Около нас притулился старик с корзиной, полной молодой крапивы. Несколько раз он выстреливал любопытным взглядом в нашу сторону, желая начать разговор, но не знал, наверное, с чего начать. «А что, сударыня, далеко ли живёте? – наконец решился он заговорить. – Вы вроде не из города, – значит, проездом?»

Ох ты, наша мама «сударыня»! Вот рассмешил дед.

Мама невольно улыбнулась, затем отвернулась от него, чтобы достать дядино письмо, и прочитала адрес дяди Ефима вслух:

«Клин, посёлок Майданово, дом десять, второй подъезд, спросить квартиру инженера Ефима Пресса, – читала она любопытному деду, хотя могла и вовсе не доставать письмо, потому что заучила его наизусть. – Вы не знаете, где этот посёлок?»

Дед аж расцвёл. «Да недалеко он: отсюда, не торопясь, за полчаса дойдёшь, – затараторил он и махнул рукой в левую сторону, откуда начиналась, как мы поняли, главная улица в городе. – Пройдёте по Ямской до конца, упрётесь в перекрёсток и на левую сторону перейдёте, а там всё прямо и прямо вдоль комбината, пока не увидите с другой стороны поворот на Майданово. Ну, а дальше найдёте, где ваш инженер проживает. Что, родственник ваш?» – «Родной брат. Мы к нему из эвакуации, только что с поезда, а куда идти, не знаем, – он в письме не объяснил, только адрес написал». – «Это ничего, заблудиться тут невозможно, вот он и не написал, – участливо ответил дед, поняв, кто мы. – Вот война чёртова, сколько народу побила и раскидала. А ты, дочка, радуйся, что жива и дети при тебе. Перемелется – мука будет!»

Следуя инструкции словоохотливого деда, мы действительно быстро добрались до посёлка со странным названием и разыскали дядин дом – четырёхэтажную кирпичную новостройку в окружении низеньких избушек, довоенных ещё, надо полагать. Напротив стоял длинный сарай-дровник с флигелями по обеим сторонам, в которых тоже кто-то жил. Мы поднялись на самый верх и постучались в пятнадцатую квартиру.
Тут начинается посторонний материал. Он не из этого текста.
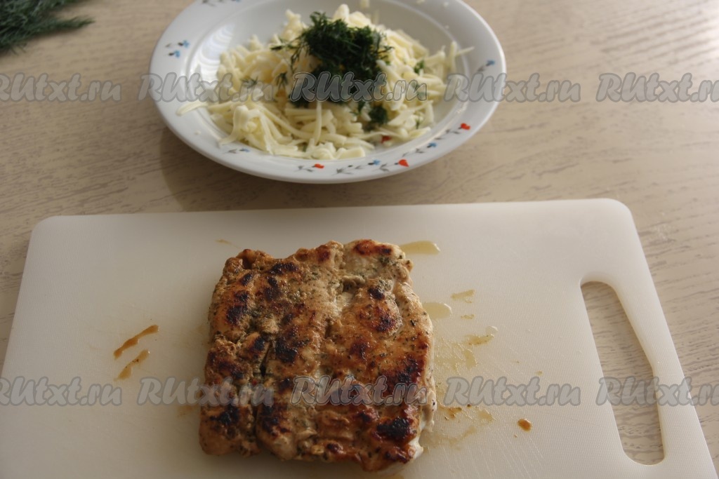 Куриное филе нарезать на пласты, посолить, приправить специями и выложить на сковороду, хорошо разогретую с небольшим количеством растительного масла, и обжарить с двух сторон на среднем огне до румяности. Я жарю куриное мясо с каждой стороны по 5 минут. Сыр натереть на тёрке, выложить в тарелку, добавить мелко нарезанный укроп (или другую зелень).

Никаких табличек на двери не было: квартирный номер, как и у соседей, был написан мелом.

Из соседней двери высунулся мальчишка и сказал:

– Ефим Иосифович сейчас на заводе, а вам он велел передать ключи и ждать его. Он вечером будет.

Мама изумлённо спросила:

– Откуда же Ефим Иосифович узнал, что мы сегодня приедем? Я же ему в письме написала, что не знаю, когда буду.

– А он и не знал. Он вас уже две недели так ждёт.

Мы вошли, и мальчишка юркнул за нами, объяснив, что дядя велел ему показать квартиру.

Мама спросила, как его зовут. Было видно, что мальчишка важничает, хотя повода задирать нос перед нами у него не было никакого.

Он, фальцетируя безбожно в окончаниях слов, гордо ответил:

– Я Игорь, а вы – тётя Роза и Ида, а ещё Юван… или нет, – он наморщил лоб и замахал руками, вспоминая, как назвал дядя моего братца, – Юлай!

– Юваль я, – заявил обиженно брат и тут же предложил несколько сконфуженному соседу дружить.

Мальчишки и впрямь сошлись сразу, затеяв серьёзный мужской разговор про житьё-бытьё в посёлке, как будто братец мой был тут старожилом и всего лишь отлучился ненадолго по срочному делу. Я послушала их немного и поняла, что оба они из той публики, которая может трепать языками часами, дай только волю и любой смешной повод. Да ну их! Я вместе с мамой стала осматривать дядины хоромы.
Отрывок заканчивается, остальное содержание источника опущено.